INVESTMENT ADVISORY AGREEMENT
AGREEMENT made as of the 5th day of February, 1993, and amended as of
May 1, 1994, by and between TCW/DW Income and Growth Fund, an unincorporated
business trust organized under the laws of the Commonwealth of Massachusetts
(hereinafter called the "Fund"), and TCW Funds Management Inc., a California
corporation (hereinafter called the "Investment Adviser"):
WHEREAS, The Fund is engaged in business as an open-end management
investment company and is registered as such under the Investment Company Act of
1940, as amended (the "Act"); and
WHEREAS, The Investment Adviser is registered as an investment adviser
under the Investment Advisers Act of 1940 (the "Advisers Act"), and engages in
the business of acting as investment adviser; and
WHEREAS, The Fund desires to retain the Investment Adviser to render
investment advisory services in the manner and on the terms and conditions
hereinafter set forth; and
WHEREAS, The Investment Adviser desires to be retained to perform services
on said terms and conditions;
NOW, THEREFORE, this Agreement
W I T N E S S E T H:
that in consideration of the premises and the mutual covenants hereinafter
contained, the Fund and the Investment Adviser agree as follows:
1. The Fund hereby retains the Investment Adviser to act as investment
adviser of the Fund and, subject to the supervision of the Trustees of the
Fund (the "Trustees"), to invest the Fund's assets as hereinafter set forth.

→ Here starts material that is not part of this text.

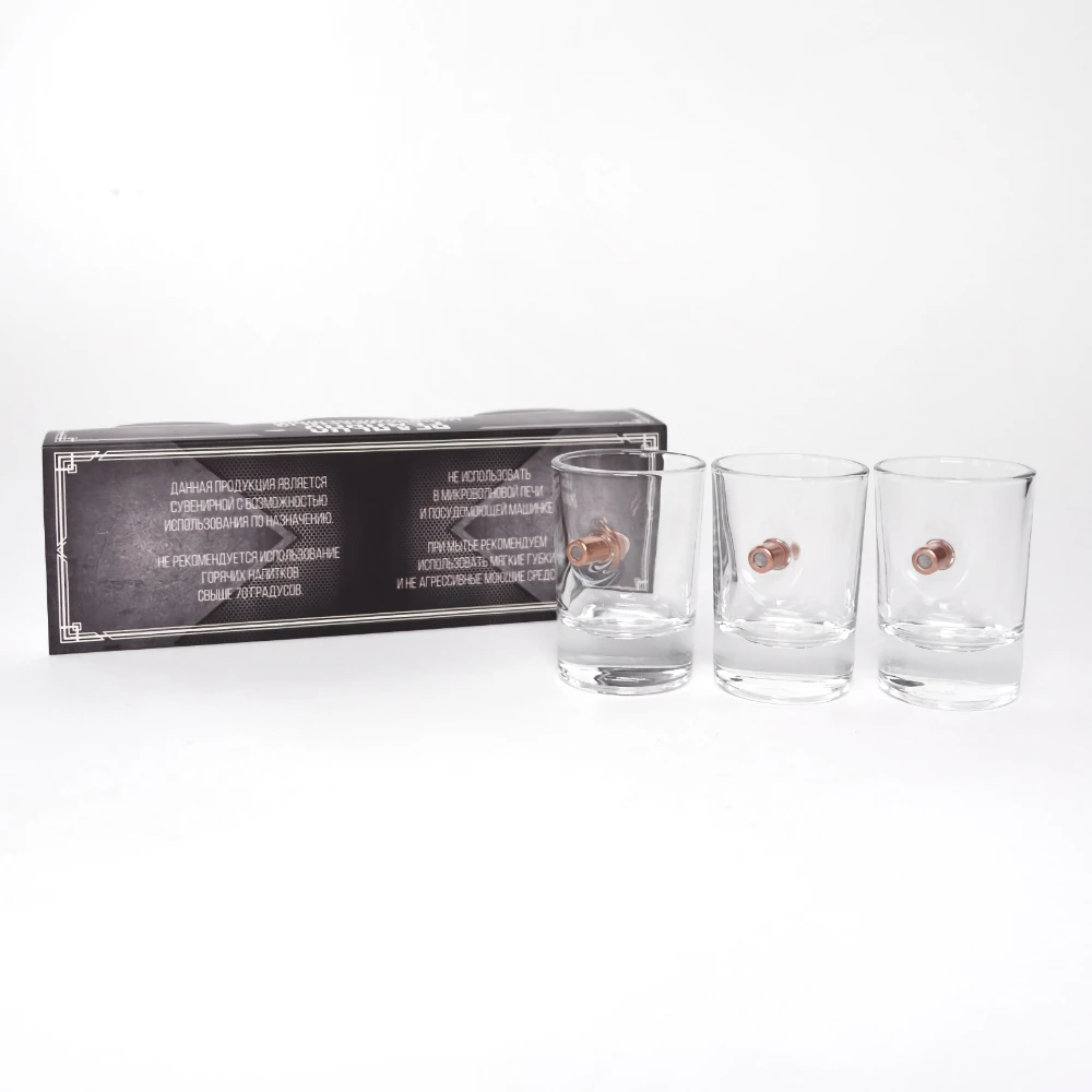 Набор РЮМОК 3х40мл СТОПКИ РЕАЛЬНО НЕПРОБИВАЕМЫЙ с настоящей пулей 7,62 Подарок мужчине пуля в стакане

Without limiting the generality of the foregoing, the Investment Adviser shall
obtain and evaluate such information and advice relating to the economy,
securities and commodities markets and securities and commodities as it deems
necessary or useful to discharge its duties hereunder; shall continuously invest
the assets of the Fund in a manner consistent with the investment objectives and
policies of the Fund; shall determine the securities and commodities to be
purchased, sold or otherwise disposed of by the Fund and the timing of such
purchases, sales and dispositions; and shall take such further action, including
the placing of purchase and sale orders on behalf of the Fund, as the Investment
Adviser shall deem necessary or appropriate. The Investment Adviser shall also
furnish to or place at the disposal of the Fund such of the information,
evaluations, analyses and opinions formulated or obtained by the Investment
Adviser in the discharge of its duties as the Fund may, from time to time,
reasonably request.
2. The Investment Adviser shall, at its own expense, maintain such staff
and employ or retain such personnel and consult with such other persons as it
shall from time to time determine to be necessary or useful to the
performance of its obligations under this Agreement. Without limiting the
generality of the foregoing, the staff and personnel of the Investment Adviser
shall be deemed to include persons employed or otherwise retained by the
Investment Adviser to furnish statistical and other factual data, advice
regarding economic factors and trends, information with respect to technical and
scientific developments, and such other information, advice and assistance as
the Investment Adviser may desire. The Investment Adviser shall provide the
Fund's manager with such records and information as may reasonably be required
by the Fund's manager pursuant to its obligations under its management agreement
with the Fund to maintain the Fund's books and records.
3. The Fund will, from time to time, furnish or otherwise make available to
the Investment Adviser such financial reports, proxy statements and other
information relating to the business and affairs of the Fund as the
Investment Adviser may reasonably require in order to discharge its duties and
obligations hereunder.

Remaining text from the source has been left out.